Duncan has fought to make it more difficult for people of color to vote. In North Carolina v. N.C. State Conf. of NAACP, 137 S. Ct. 1399 (2017), he (along with fellow Trump judicial nominee Thomas Farr) unsuccessfully petitioned the Supreme Court to uphold a law that attacked the voting rights of communities of color, and that the Fourth Circuit said had been enacted with discriminatory intent, “target[ing] African Americans with almost surgical precision[.]” North Carolina State Conf. of NAACP v. McCrory, 831 F.3d 204, 214 (2016). Similarly, Duncan defended a controversial voter photo ID law in an amicus brief supporting the state of Texas in Abbott v. Veasey, 137 S. Ct. 612 (2017).

Duncan has taken a hardline stance against immigrants. Duncan filed an amicus brief against President Obama’s Executive Order that established the Deferred Action for Parents of Americans and Lawful Permanent Residents (DAPA) program. In his brief, Duncan challenged the naturalization of undocumented immigrants on the basis that it threatens public safety by arguing that “[m]any violent criminals would likely be eligible to receive deferred action under DAPA’s inadequate standards.” This line of reasoning reinforces troubling stereotypes and misconceptions about immigrants.

Duncan has opposed criminal justice reform. For example, Duncan challenged the retroactive application of the Supreme Court’s decision in Miller v.
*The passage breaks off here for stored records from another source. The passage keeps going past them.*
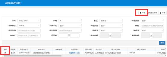 5、审核确定以后,调课审核页面将显示开课学院审批(审核通过),操作结束。
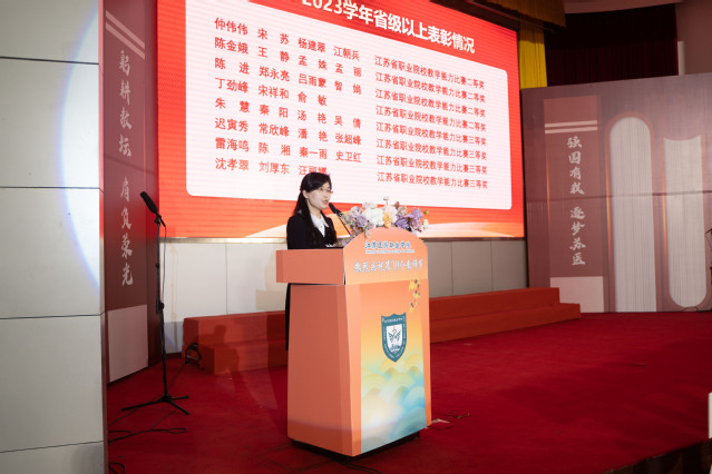 2023年江苏省教学名师李正亚教授作为优秀教师代表发言,向大家分享了自己的感悟。她认为,时代在发展,作为教师,必须与时俱进,不断充实自己,加强学习,丰富知识储备,更新教学理念,创新教学方法,研究育人艺术,提高信息技术应用水平,投身科技创新,争做学习型教师,不断提升专业素养,为学校教育教学高质量发展提供有力支撑。
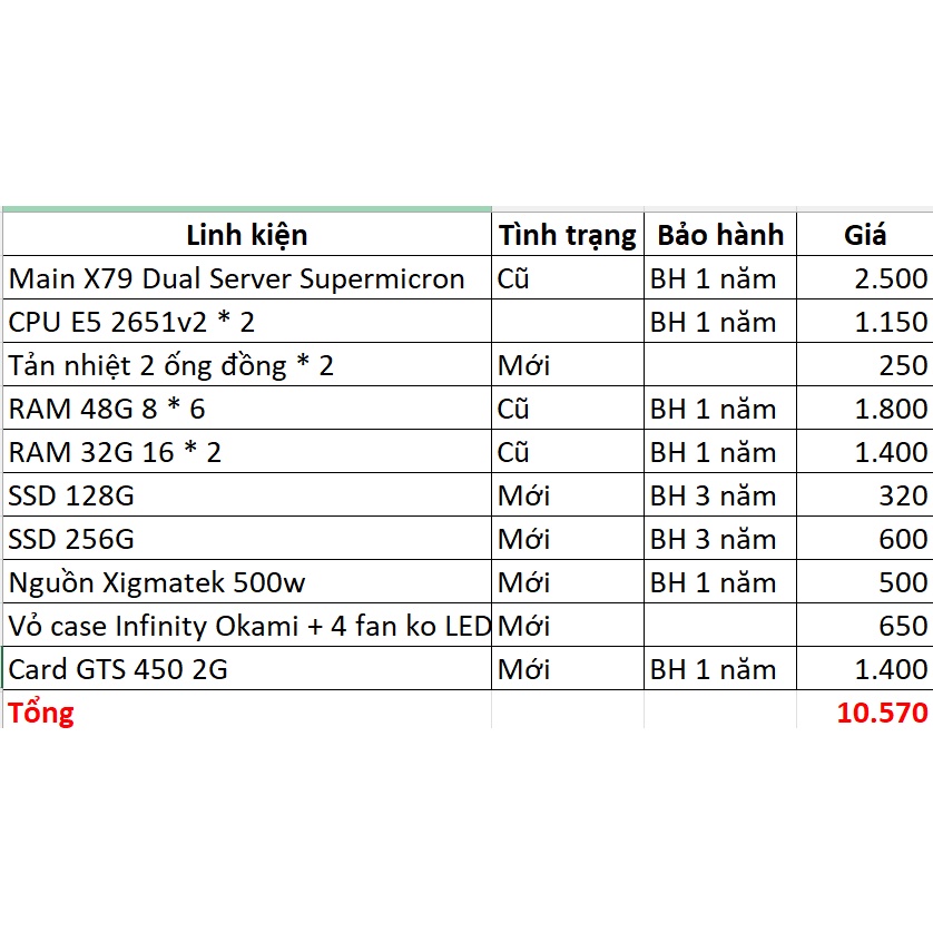 - Main x79 Dual: Main thì có 2 loại, main TQ mới và Main server cũ, đều BH 1 năm. Bảng giá 2 loại main trên gần như tương đương
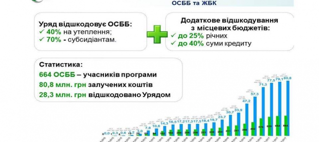«За січень-лютий 2017 року ОСББ та ЖБК залучили 3,3 млн грн. на впровадження енергоефективних заходів у своїх будинках. Це у 4 рази більше ніж за аналогічний період 2016 року, - повідомив Сергій Савчук. – Зросла і кількість ОСББ, які беруть участь у програмі. У 2017 році маємо вже 33 ОСББ-учасника, тоді як минулого року у цей період – тільки 12».
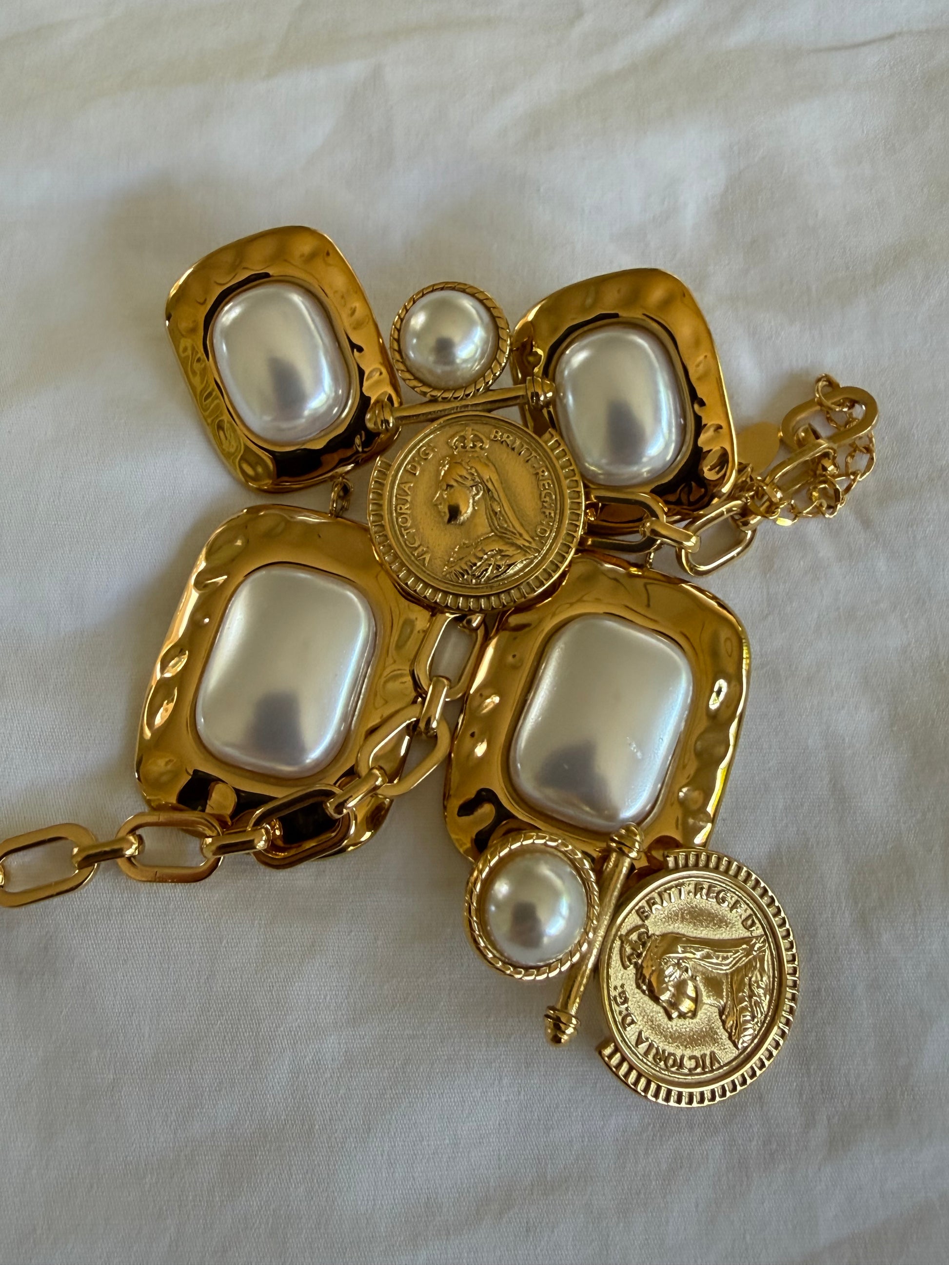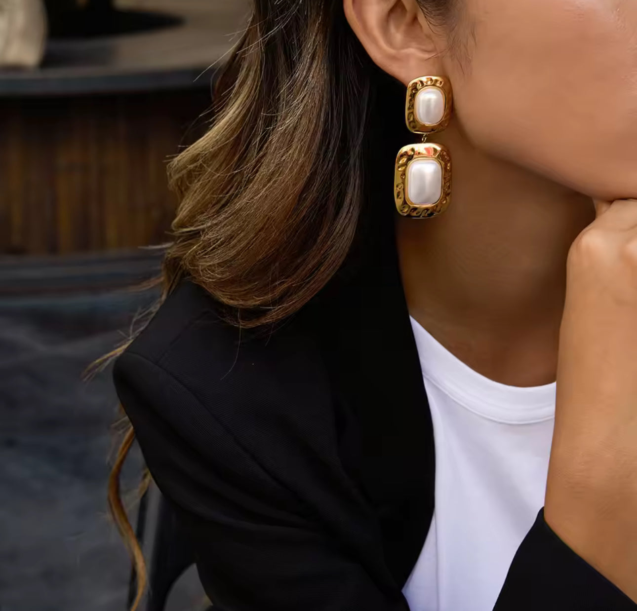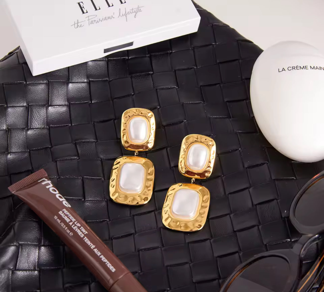 Marigold is a warm, statement-making classic with a soft, vintage feel. Featuring a rectangular pearl framed by textured gold, these earrings bring structure, glow and just the right amount of polish to any look.
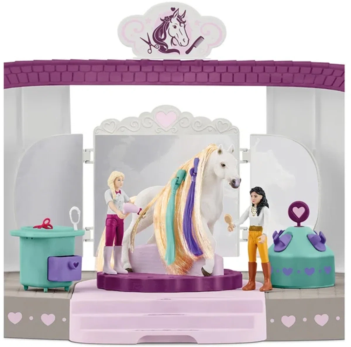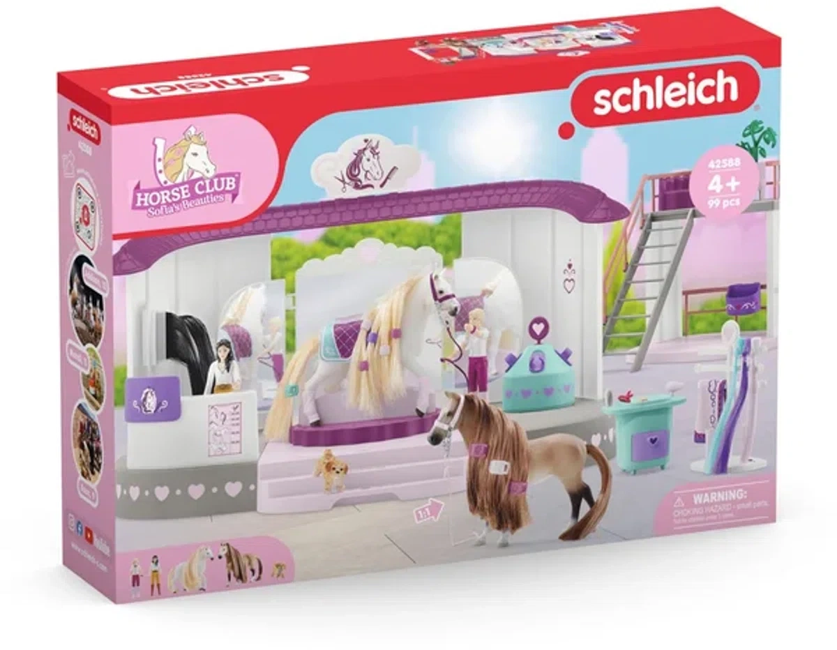 Salon Piękności to część magicznego świata HORSE CLUB Sofia's Beauties, idealnie pasująca do wszystkich koni z czesaną grzywą. Gotowy na zabawę?
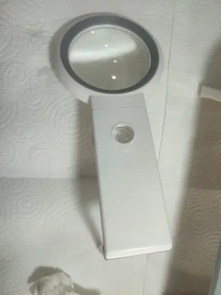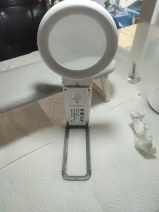 Lupa de la marca KIBTOY con un diseño moderno y funcional. Perfecta para tareas que requieren precisión. - Lente circular con luz LED integrada. - Base plegable para facilitar su almacenamiento y transporte. - Modelo: L-803. - Fabricada en China.

Alabama, 132 S. Ct. 2455 (2012), which held that mandatory life sentences without the possibility of parole were unconstitutional for juveniles.

Duncan has made it clear he will not respect legal precedent. Federal judicial nominees often stand before the Senate Judiciary Committee and pledge that they will follow judicial precedent. Duncan, by his own admissions, has indicated he will not respect precedent when he disagrees with the outcome of a case. After the Obergefell decision upheld the right to same-sex marriage, Duncan questioned the legitimacy of the Supreme Court, saying “[the same-sex marriage case] raises a question about the legitimacy of the Court.” He similarly disparaged the legitimacy of the Ninth Circuit before the court heard a case that required pharmacies to provide contraceptive drugs. And when asked at a Federalist Society event about the Affordable Care Act’s contraceptive mandate, Duncan commented that he was “very friendly philosophically to making arguments” not to follow precedent.